--- Supplied data Enclosed Below ---
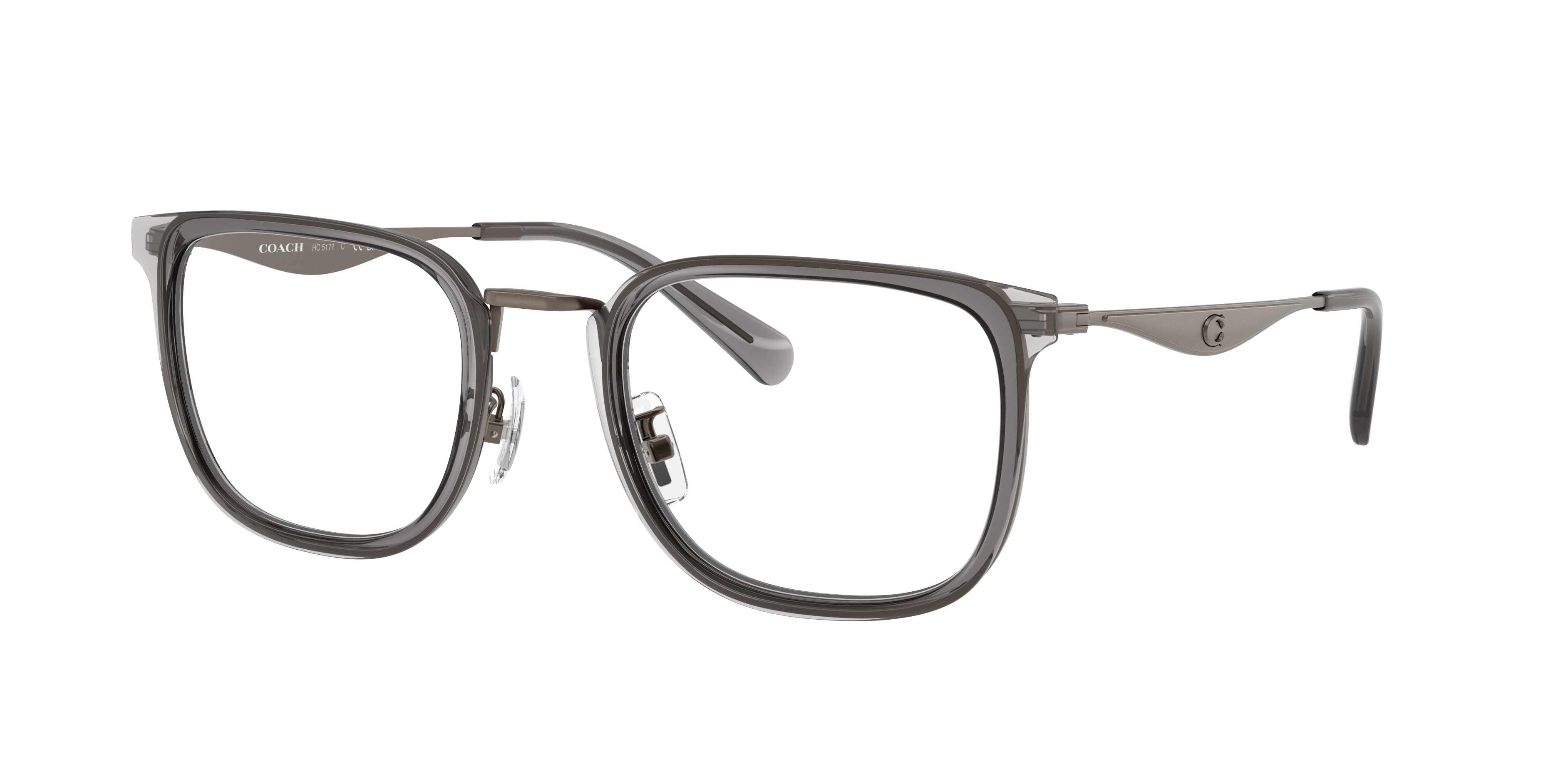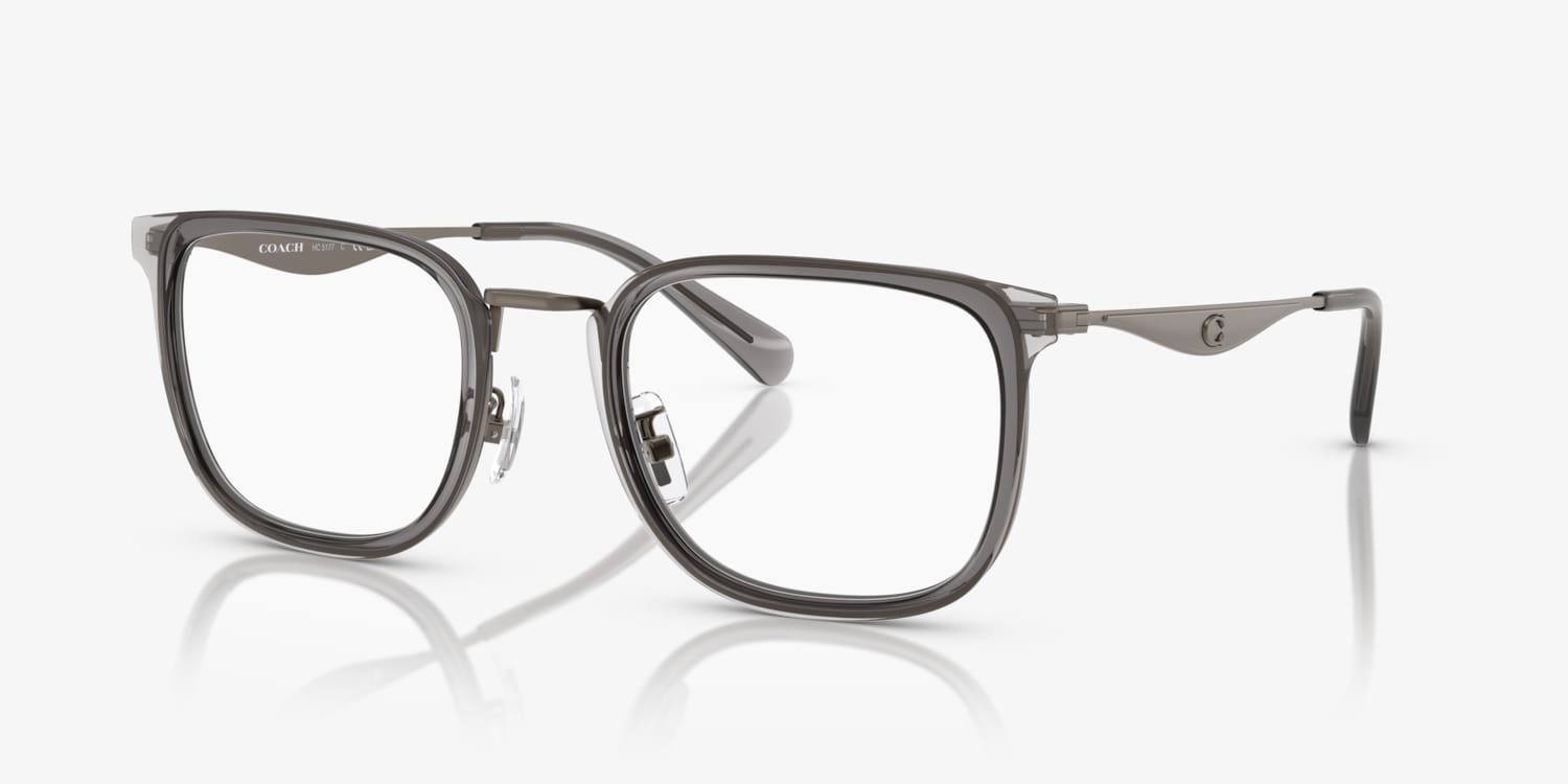 Elevate your style quotient with Coach HC 5177 eyeglasses. The square shape and polished finish give these frames a modern edge, while the metal material ensures durability. The transparent grey color provides a neutral base for any outfit, making these shades versatile and stylish. The saddle bridge adds comfort, making these glasses an ideal choice for everyday wear. Embrace your individuality with this sophisticated pair from Coach. Available with prescription lenses.
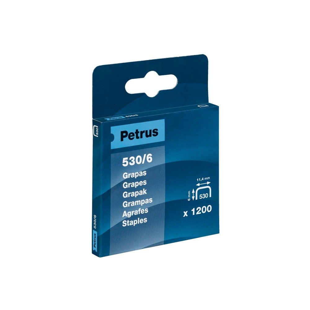 Petrus Caja de 1200 Grapas 530/6 Cobreadas para Clavadora - Patilla de 6mm
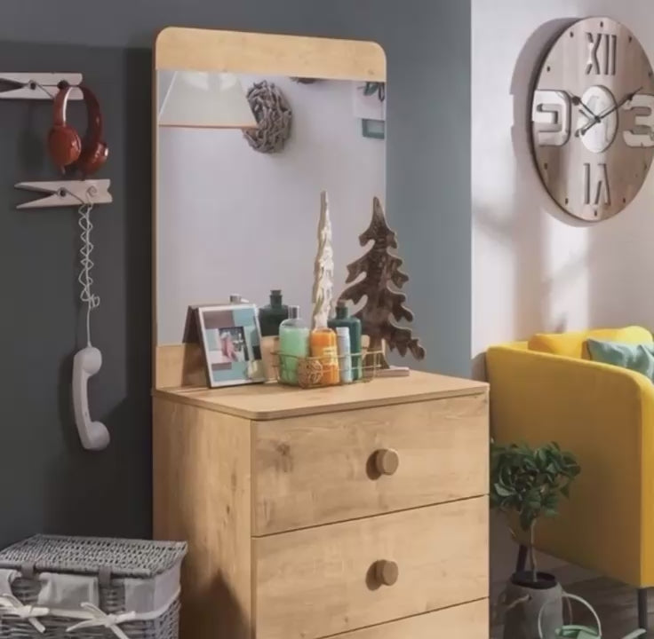 Pasqyra Mocha, pjesë e koleksionit Mocha, sjell një ndjesi natyrale në ambientet rinore falë pamjes së drurit të papërpunuar dhe dizajnit të saj të thjeshtë e elegant. E pasuruar me kornizë bisote, kjo pasqyrë është prodhuar me materiale cilësore që ofrojnë siguri të shtuar.
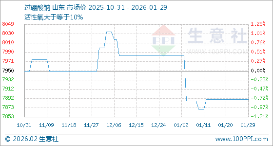 1月29日,生意社过硼酸钠基准价为7890.00元/吨,与本月初(7983.33元/吨)相比,下降了1.17%。
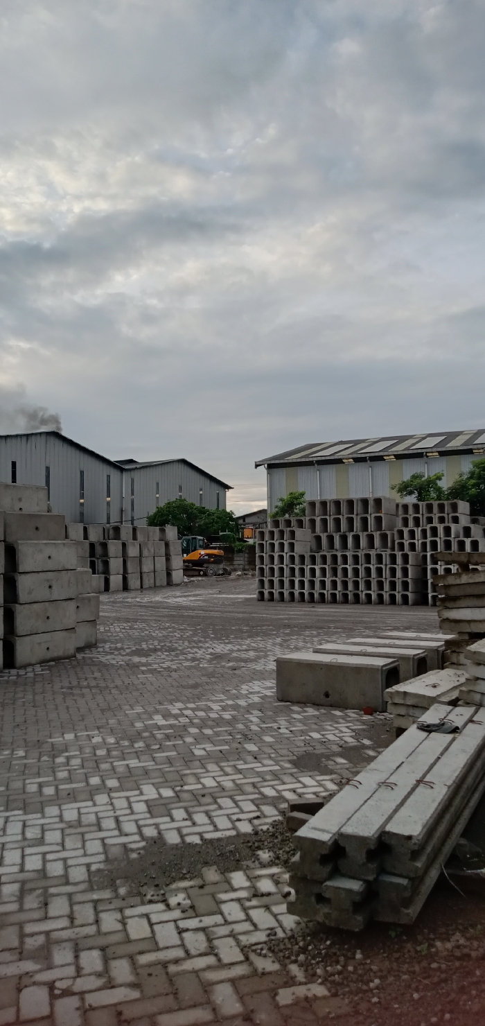 This image depicts an industrial yard in Sumput, Indonesia, under an overcast sky. The foreground and mid-ground consist of a paved area made of light-colored interlocking bricks, interspersed with patches of gravel and dirt. Various concrete elements are stacked throughout the scene. On the left, a tall stack of light gray, rectangular concrete blocks with recessed sections is visible. Further into the mid-ground, another large quantity of U-shaped concrete channels is neatly stacked in rows, forming a significant barrier. In the far right foreground, a stack of long, H-beam-like concrete elements with rebar protruding is present. Two individual U-shaped concrete blocks are situated in the mid-right. In the background, two large industrial buildings with corrugated metal roofs are visible. The building on the left, with vertical windows or vents, has dark smoke emanating from its far-left side, rising against the sky. Between the two main stacks of concrete channels, a yellow excavator is stationary, partially obscured by other stacked concrete elements and some green foliage. No people are visible within the frame. The overall atmosphere is industrial and quiet.
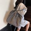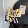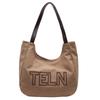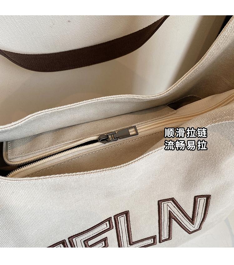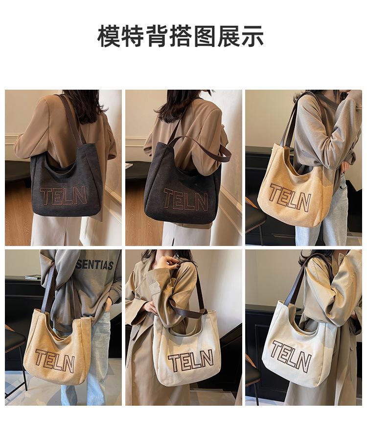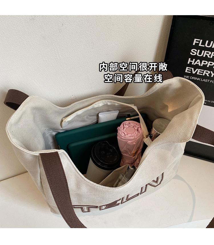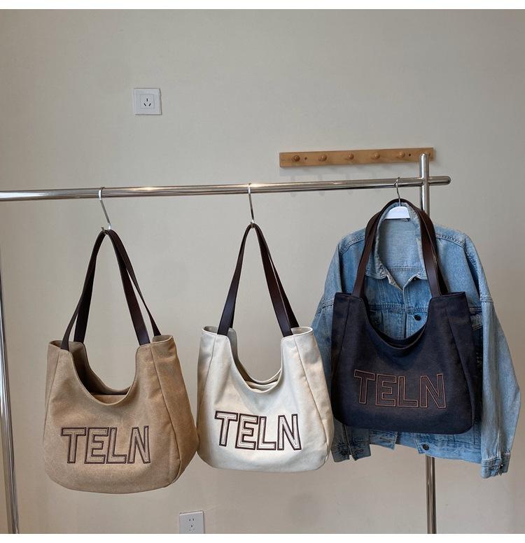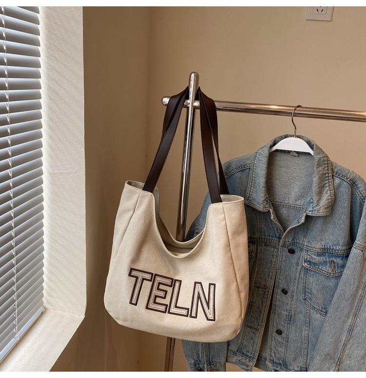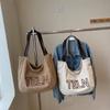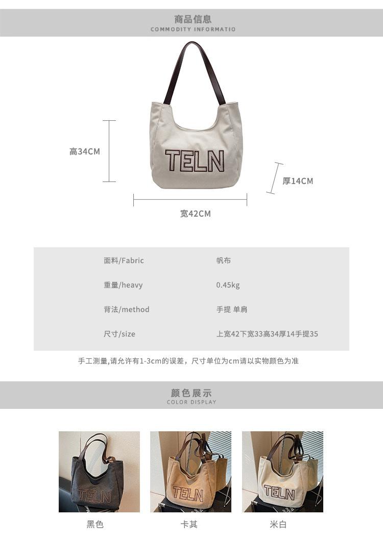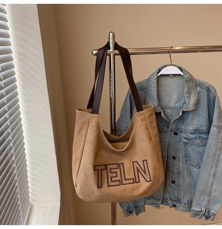 Bolso de mano de gran capacidad con letras bordadas en estéreo, bolso de lona, nuevo bolso de hombro portátil, informal, retro, de color sólido, 2025
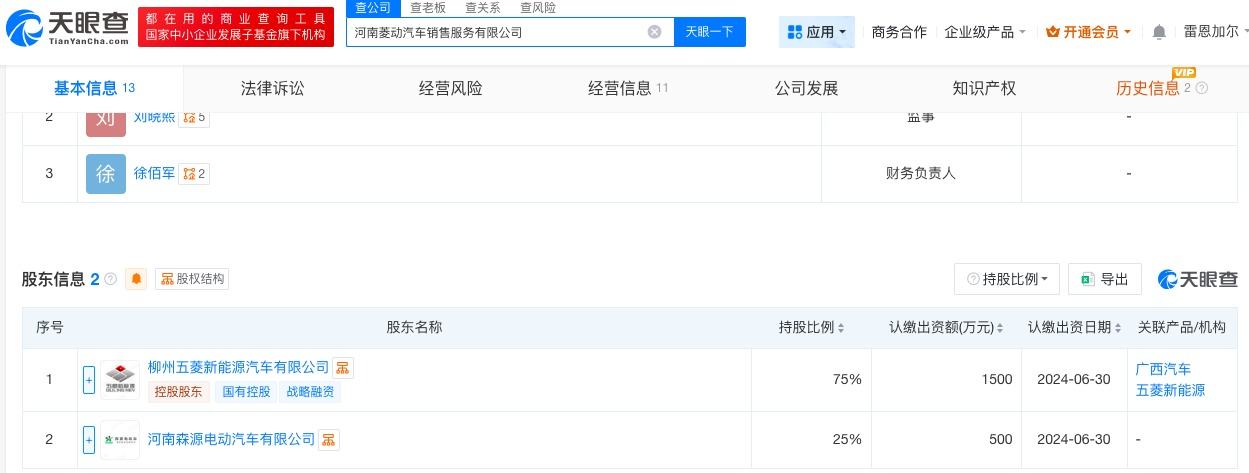 图片来源:天眼查 不仅如此,五菱新能源还与森源电动汽车合资成立了河南菱动汽车销售服务有限公司,分别持股75%和25%。该公司成立于2024年,经营范围为新能源汽车整车销售、汽车销售等,五菱新能源为控股股东。 袁智军在此前的采访中表示,五菱新能源计划在三轮融资后上市。按照五菱新能源计划,2022年至2024年的目标是逐步将商用车推向市场并做大规模;2025年至2027年实现商用车、乘用车共同发展;2028年至2030年则会将产品结构重心“由商转乘”。 每日经济新闻 (责任编辑:王治强 HF013)
--- End of Enclosed Supplied data ---
- Your goal
Set down the data exactly as it appears, without any images.

- Answer below
 Elevate your style quotient with Coach HC 5177 eyeglasses. The square shape and polished finish give these frames a modern edge, while the metal material ensures durability. The transparent grey color provides a neutral base for any outfit, making these shades versatile and stylish. The saddle bridge adds comfort, making these glasses an ideal choice for everyday wear. Embrace your individuality with this sophisticated pair from Coach. Available with prescription lenses.
 Petrus Caja de 1200 Grapas 530/6 Cobreadas para Clavadora - Patilla de 6mm
 Pasqyra Mocha, pjesë e koleksionit Mocha, sjell një ndjesi natyrale në ambientet rinore falë pamjes së drurit të papërpunuar dhe dizajnit të saj të thjeshtë e elegant. E pasuruar me kornizë bisote, kjo pasqyrë është prodhuar me materiale cilësore që ofrojnë siguri të shtuar.
 1月29日,生意社过硼酸钠基准价为7890.00元/吨,与本月初(7983.33元/吨)相比,下降了1.17%。
 This image depicts an industrial yard in Sumput, Indonesia, under an overcast sky. The foreground and mid-ground consist of a paved area made of light-colored interlocking bricks, interspersed with patches of gravel and dirt. Various concrete elements are stacked throughout the scene. On the left, a tall stack of light gray, rectangular concrete blocks with recessed sections is visible. Further into the mid-ground, another large quantity of U-shaped concrete channels is neatly stacked in rows, forming a significant barrier. In the far right foreground, a stack of long, H-beam-like concrete elements with rebar protruding is present. Two individual U-shaped concrete blocks are situated in the mid-right. In the background, two large industrial buildings with corrugated metal roofs are visible. The building on the left, with vertical windows or vents, has dark smoke emanating from its far-left side, rising against the sky. Between the two main stacks of concrete channels, a yellow excavator is stationary, partially obscured by other stacked concrete elements and some green foliage. No people are visible within the frame. The overall atmosphere is industrial and quiet.
 Bolso de mano de gran capacidad con letras bordadas en estéreo, bolso de lona, nuevo bolso de hombro portátil, informal, retro, de color sólido, 2025
 图片来源:天眼查 不仅如此,五菱新能源还与森源电动汽车合资成立了河南菱动汽车销售服务有限公司,分别持股75%和25%。该公司成立于2024年,经营范围为新能源汽车整车销售、汽车销售等,五菱新能源为控股股东。 袁智军在此前的采访中表示,五菱新能源计划在三轮融资后上市。按照五菱新能源计划,2022年至2024年的目标是逐步将商用车推向市场并做大规模;2025年至2027年实现商用车、乘用车共同发展;2028年至2030年则会将产品结构重心“由商转乘”。 每日经济新闻 (责任编辑:王治强 HF013)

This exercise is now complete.